─── Task material ───

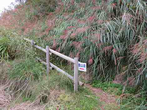 登り口 登り口を見落として進んでしまったんですよね。 分岐から50mほどのところに《←登山道》の案内板がありました。 この間行ったり来たり5分くらいのタイムロスでした。 〔登り口=8:20〕 |
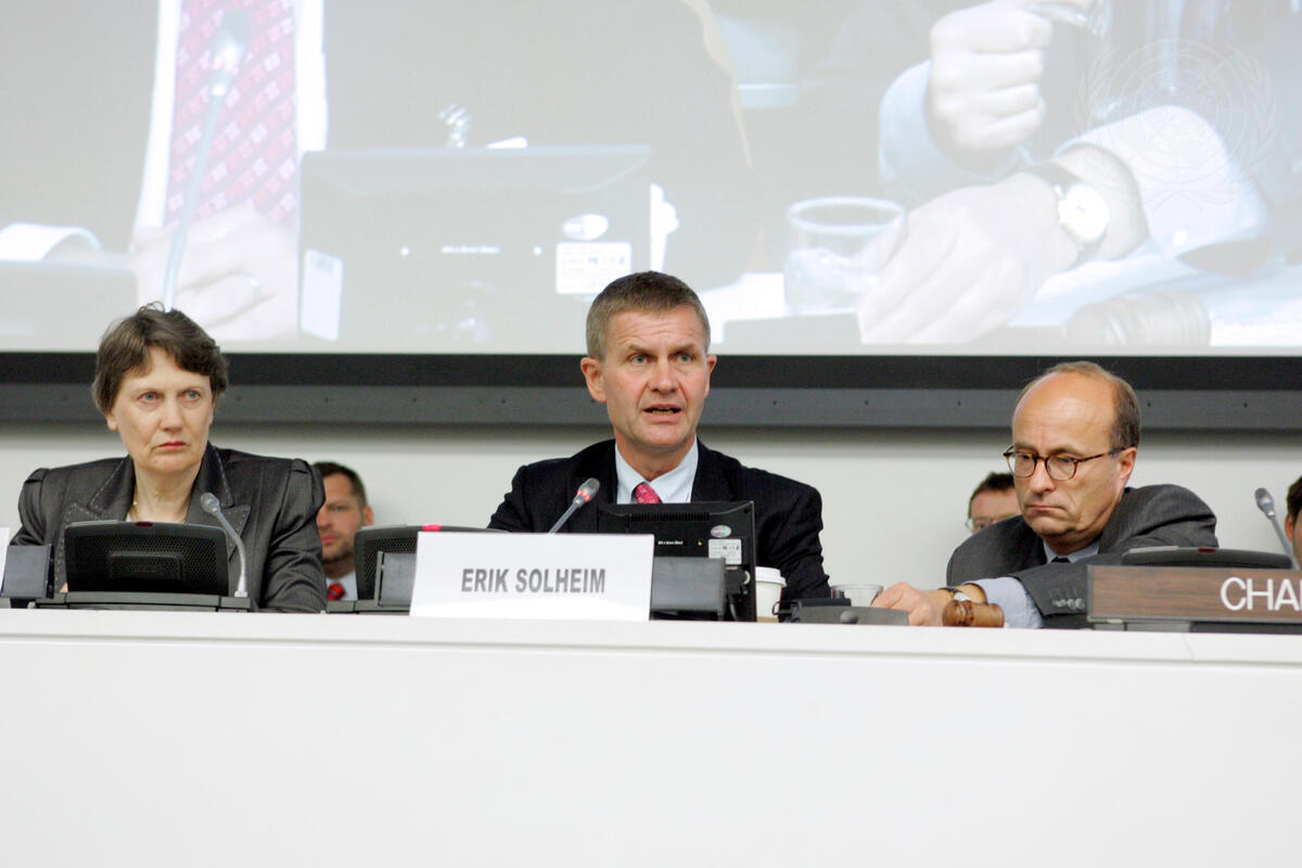 Erik Solheim (centre), Norwegian Minister of the Environment and International Development, addresses an event on reducing emissions from deforestation and forest degradation in developing countries.
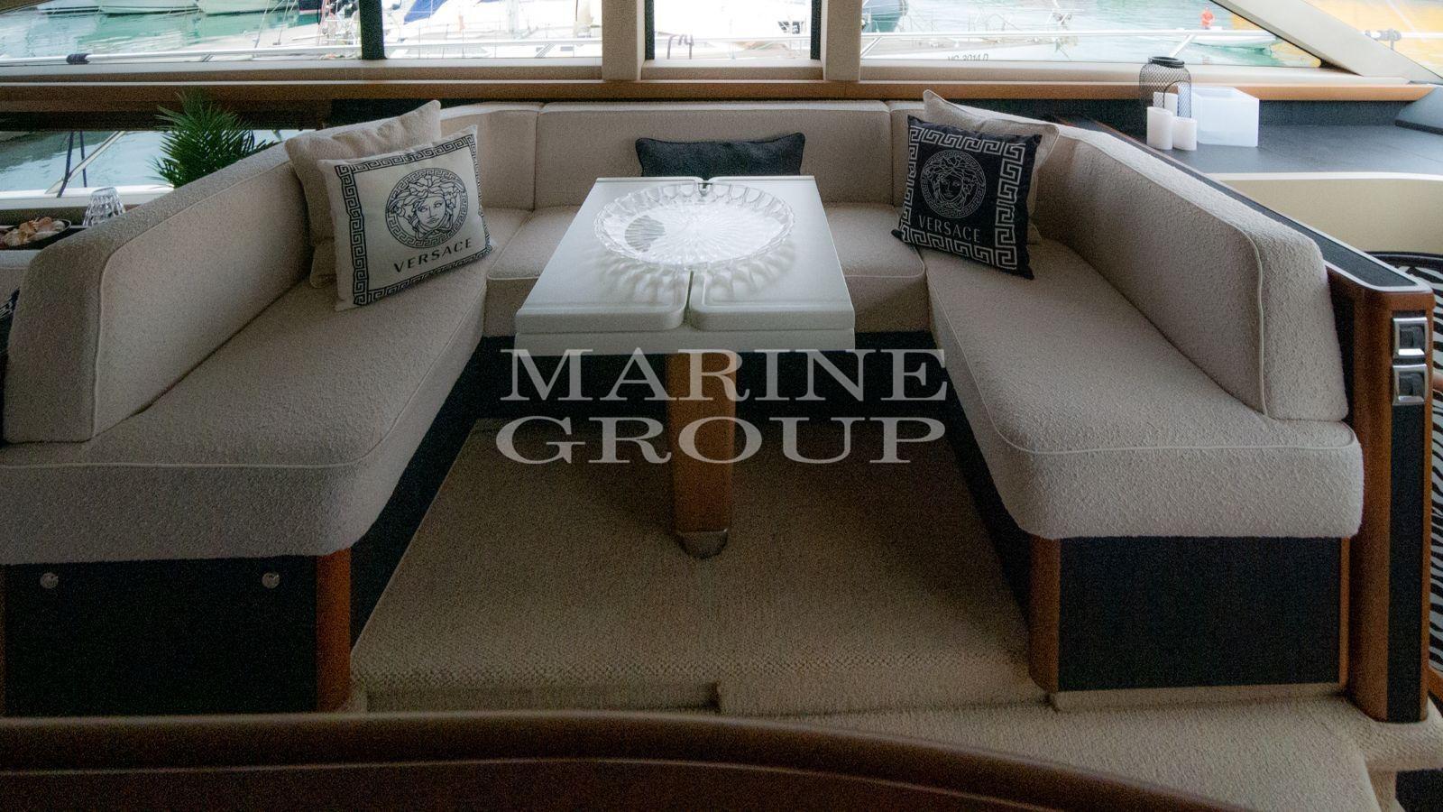 Passavant en teck, Douche de cockpit, Double barre à roue, Propulseur de poupe (a velocità variabile), Phare de poursuite, Flaps hydrauliques, Bossoirs pour annexe, Éclairage de courtoisie, Spots sous-marins, Passerelle, Plateforme arrière, Pont en teck, Porte latérale, Porte latérale, Cockpit en teck, Prise de quai, Connexion eau sous pression à quai, Répétiteur électronique, Guindeau électrique, Echelle de bain, Selles pour Annexe, table de cockpit, Annexe, Corne, Pont en teck.
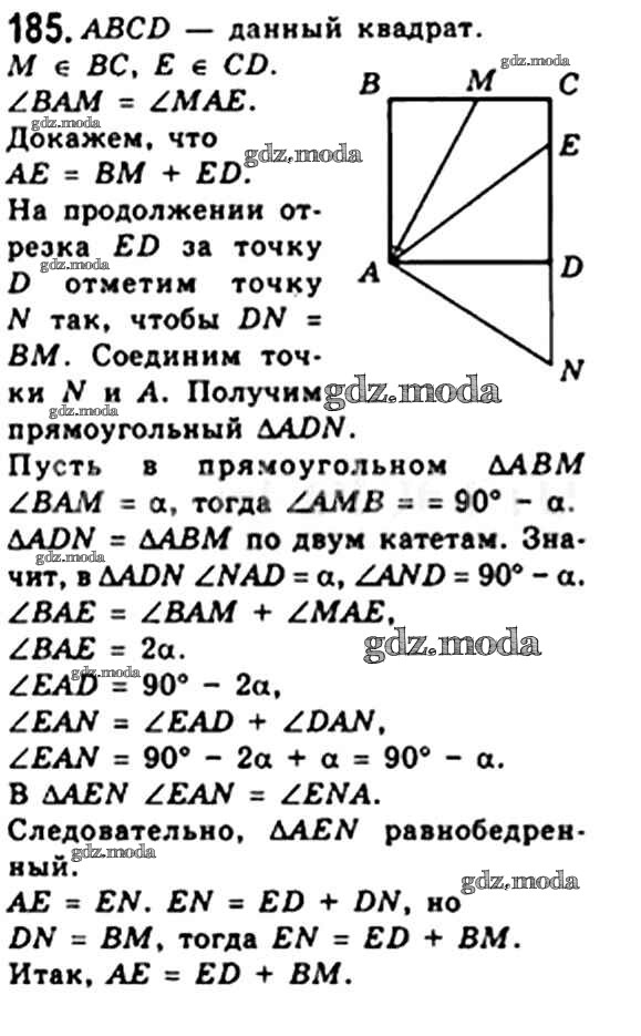ОТВЕТ на задание № 185 Учебник по Геометрии 8 класс Мерзляк Алгоритм успеха
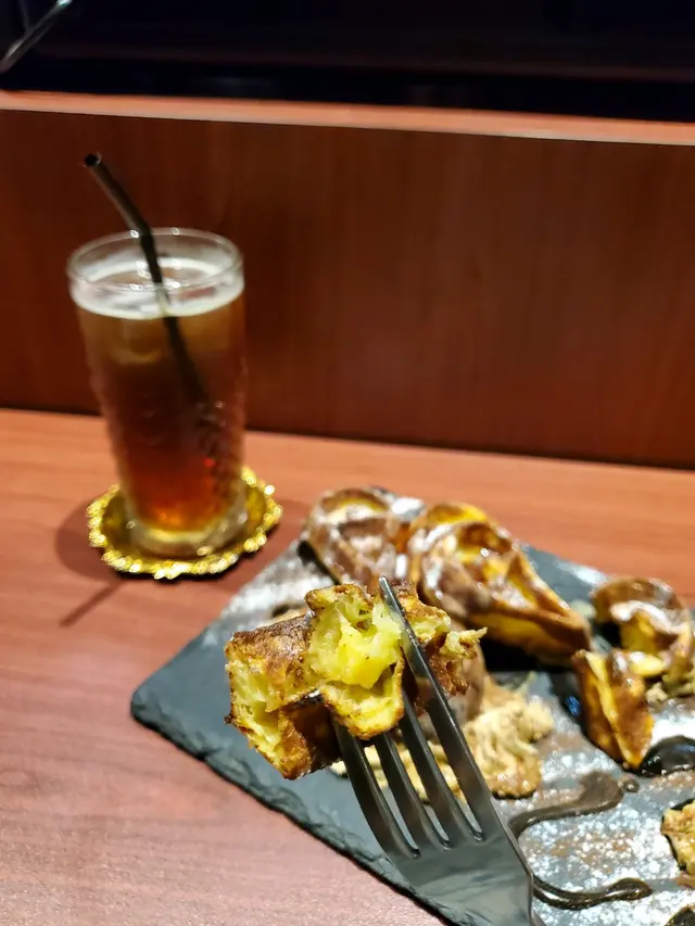 有一日朋友約piggy入元朗食飯, 梗係早啲去埋bookmarked咗好耐嘅元朗名物🤭 一見到佢有champion irish coffee即刻想嗌,但啱啱食飽又想試下pancake,所以就叫左spicy coffee,即rum, ginger 同coffee,嚟到piggy嚇咗一跳超大杯仲好重酒味,但落到喉嚨薑味開始滲出嚟暖暖地好舒服😋個pancake好啱piggy口味,比較實淨食到嘢落肚🤣 跟嘅朱古力雪糕濃郁唔甜,啱曬鍾意食甜品但唔鍾意咁甜嘅女仔😬😬😬 另外哥哥仔店員十分nice服務好貼心🥰…查看更多
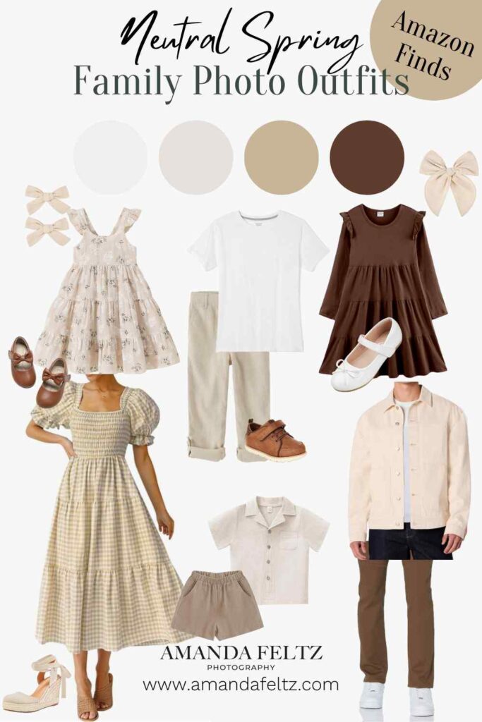 Although you don’t have to buy new clothes for your photo shoot, sometimes it’s fun to or you might not already have outfits that look good together! I’ve got you covered, here are some photographer certified spring family photo outfits. Each set has an outfit for mom, dad, a baby/toddler of each gender, and a child aged 4 to 12 of each gender. So there should be something for every family member. Plus, the adult options would also be great picks for a spring engagement session!
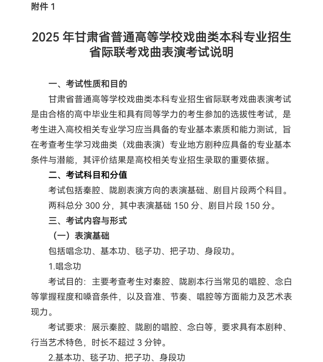 1:2025年甘肃省普通高等学校戏曲类本科专业招生省际联考戏曲表演考试说明
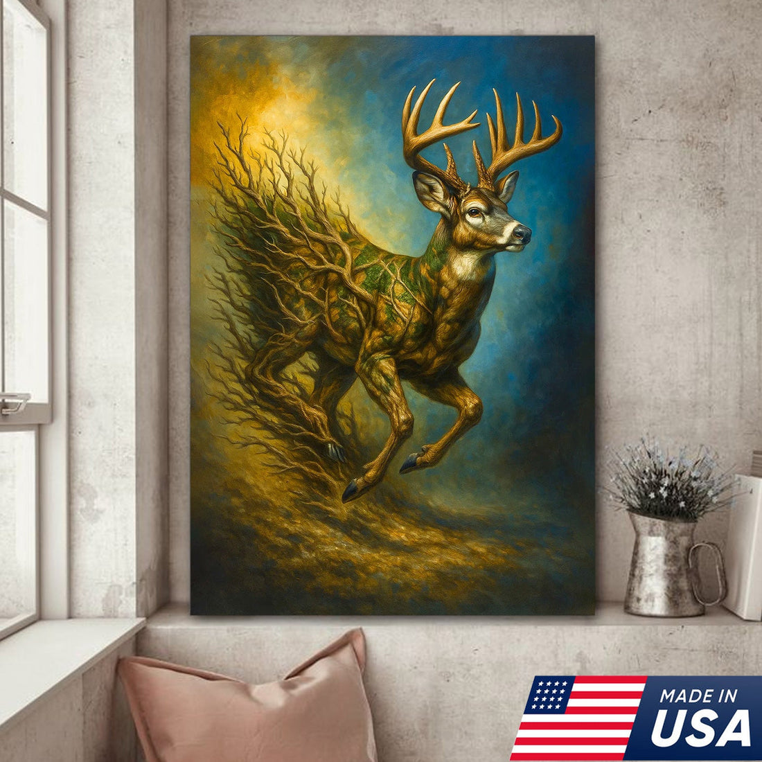 Majestic Deer Canvas Wall Art – Surreal Wildlife Nature Scene – Rustic Lodge and Cabin Decor
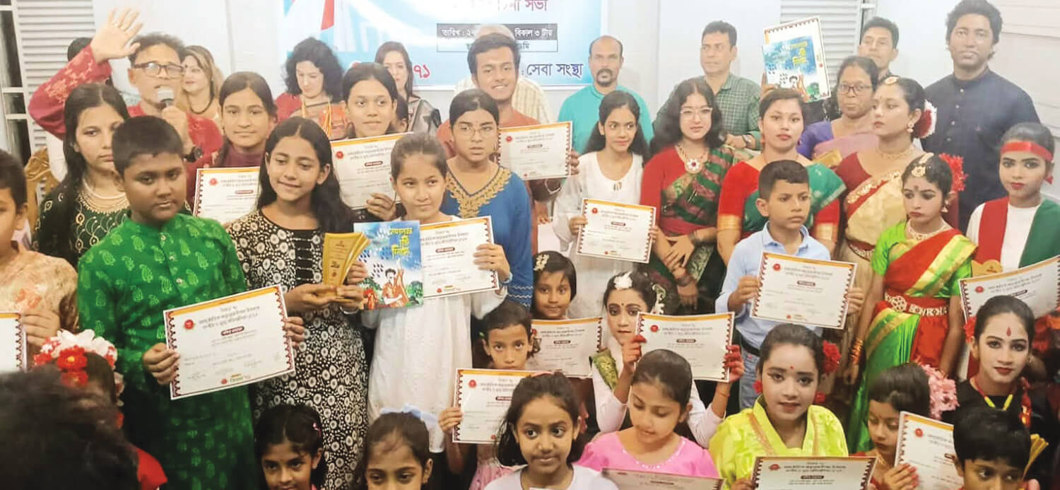 বিজয়’৭১ এর উদ্যোগে সেবা সংস্থার সহযোগিতায় মহান শহীদ দিবস ও আন্তর্জাতিক মাতৃভাষা দিবস উপলক্ষে আলোচনা সভা, সঙ্গীত ও নৃত্য প্রতিযোগিতা গত ২৭ ফেব্রুয়ারি মোমিন রোডস্থ চট্টগ্রাম একাডেমিতে অ্যাড. নীলু কান্তি দাশ নীলমনির সভাপতিত্বে অনুষ্ঠিত হয়। আবৃত্তিশিল্পী সোমা মুৎসুদ্দীর সঞ্চালনায় এতে প্রধান অতিথি ছিলেন বিজয়’৭১ স্থায়ী কমিটির চেয়ারম্যান ডা. মাহফুজুল হক। সংবর্ধিত অতিথি ছিলেন গেরিলা বীর মুক্তিযোদ্ধা ফজল আহমদ। উদ্বোধন করেন বিজয়’৭১ এর সাবেক সভাপতি জসিম উদ্দিন চৌধুরী। প্রধান আলোচক ছিলেন লায়ন ডা. আর. কে রুবেল। বিশেষ আলোচক ছিলেন সাংবাদিক আবছার উদ্দিন অলি। বিচারক ছিলেন তমাল চক্রবর্ত্তী রুবেল, অচিন্ত্য কুমার দাশ, খালেদা আক্তার চৌধুরী, শিমলী চৌধুরী, মম দাশ। বিশেষ অতিথি ছিলেন ফোরকান রাসেল, আনিসুর রহমান ফরহাদ। উপস্থিত ছিলেন শিল্পী অনামিকা তালুকদার, রিটন কান্তি দাশ, শংকর বড়ুয়া, দিলীপ সেন, অরুণ কান্তি চক্রবর্ত্তী, বিজয় দাশ, মীম দাশ,মম দাশ, রাজীব চক্রবর্ত্তী প্রমুখ। বক্তারা বলেন, একুশের চেতনায় উদ্বুদ্ধ হয়ে দেশকে এগিয়ে নিয়ে যেতে হবে। সাংস্কৃতিক চর্চাকে একুশের আলোয় আলোকিত করে বদলে যাওয়া দেশকে ধারণ ও লালন করতে হবে। তরুণ প্রজন্মের মধ্যে বাংলাভাষার চর্চাকে বেগবান করে তুলতে সম্মিলিত ভাবে কাজ করে যেতে হবে।

───

■ What is expected
Any images must be dropped; all other material is to be printed exactly.

■ Exercise output
 登り口 登り口を見落として進んでしまったんですよね。 分岐から50mほどのところに《←登山道》の案内板がありました。 この間行ったり来たり5分くらいのタイムロスでした。 〔登り口=8:20〕 |
 Erik Solheim (centre), Norwegian Minister of the Environment and International Development, addresses an event on reducing emissions from deforestation and forest degradation in developing countries.
 Passavant en teck, Douche de cockpit, Double barre à roue, Propulseur de poupe (a velocità variabile), Phare de poursuite, Flaps hydrauliques, Bossoirs pour annexe, Éclairage de courtoisie, Spots sous-marins, Passerelle, Plateforme arrière, Pont en teck, Porte latérale, Porte latérale, Cockpit en teck, Prise de quai, Connexion eau sous pression à quai, Répétiteur électronique, Guindeau électrique, Echelle de bain, Selles pour Annexe, table de cockpit, Annexe, Corne, Pont en teck.
ОТВЕТ на задание № 185 Учебник по Геометрии 8 класс Мерзляк Алгоритм успеха
 有一日朋友約piggy入元朗食飯, 梗係早啲去埋bookmarked咗好耐嘅元朗名物🤭 一見到佢有champion irish coffee即刻想嗌,但啱啱食飽又想試下pancake,所以就叫左spicy coffee,即rum, ginger 同coffee,嚟到piggy嚇咗一跳超大杯仲好重酒味,但落到喉嚨薑味開始滲出嚟暖暖地好舒服😋個pancake好啱piggy口味,比較實淨食到嘢落肚🤣 跟嘅朱古力雪糕濃郁唔甜,啱曬鍾意食甜品但唔鍾意咁甜嘅女仔😬😬😬 另外哥哥仔店員十分nice服務好貼心🥰…查看更多
 Although you don’t have to buy new clothes for your photo shoot, sometimes it’s fun to or you might not already have outfits that look good together! I’ve got you covered, here are some photographer certified spring family photo outfits. Each set has an outfit for mom, dad, a baby/toddler of each gender, and a child aged 4 to 12 of each gender. So there should be something for every family member. Plus, the adult options would also be great picks for a spring engagement session!
 1:2025年甘肃省普通高等学校戏曲类本科专业招生省际联考戏曲表演考试说明
 Majestic Deer Canvas Wall Art – Surreal Wildlife Nature Scene – Rustic Lodge and Cabin Decor
 বিজয়’৭১ এর উদ্যোগে সেবা সংস্থার সহযোগিতায় মহান শহীদ দিবস ও আন্তর্জাতিক মাতৃভাষা দিবস উপলক্ষে আলোচনা সভা, সঙ্গীত ও নৃত্য প্রতিযোগিতা গত ২৭ ফেব্রুয়ারি মোমিন রোডস্থ চট্টগ্রাম একাডেমিতে অ্যাড. নীলু কান্তি দাশ নীলমনির সভাপতিত্বে অনুষ্ঠিত হয়। আবৃত্তিশিল্পী সোমা মুৎসুদ্দীর সঞ্চালনায় এতে প্রধান অতিথি ছিলেন বিজয়’৭১ স্থায়ী কমিটির চেয়ারম্যান ডা. মাহফুজুল হক। সংবর্ধিত অতিথি ছিলেন গেরিলা বীর মুক্তিযোদ্ধা ফজল আহমদ। উদ্বোধন করেন বিজয়’৭১ এর সাবেক সভাপতি জসিম উদ্দিন চৌধুরী। প্রধান আলোচক ছিলেন লায়ন ডা. আর. কে রুবেল। বিশেষ আলোচক ছিলেন সাংবাদিক আবছার উদ্দিন অলি। বিচারক ছিলেন তমাল চক্রবর্ত্তী রুবেল, অচিন্ত্য কুমার দাশ, খালেদা আক্তার চৌধুরী, শিমলী চৌধুরী, মম দাশ। বিশেষ অতিথি ছিলেন ফোরকান রাসেল, আনিসুর রহমান ফরহাদ। উপস্থিত ছিলেন শিল্পী অনামিকা তালুকদার, রিটন কান্তি দাশ, শংকর বড়ুয়া, দিলীপ সেন, অরুণ কান্তি চক্রবর্ত্তী, বিজয় দাশ, মীম দাশ,মম দাশ, রাজীব চক্রবর্ত্তী প্রমুখ। বক্তারা বলেন, একুশের চেতনায় উদ্বুদ্ধ হয়ে দেশকে এগিয়ে নিয়ে যেতে হবে। সাংস্কৃতিক চর্চাকে একুশের আলোয় আলোকিত করে বদলে যাওয়া দেশকে ধারণ ও লালন করতে হবে। তরুণ প্রজন্মের মধ্যে বাংলাভাষার চর্চাকে বেগবান করে তুলতে সম্মিলিত ভাবে কাজ করে যেতে হবে।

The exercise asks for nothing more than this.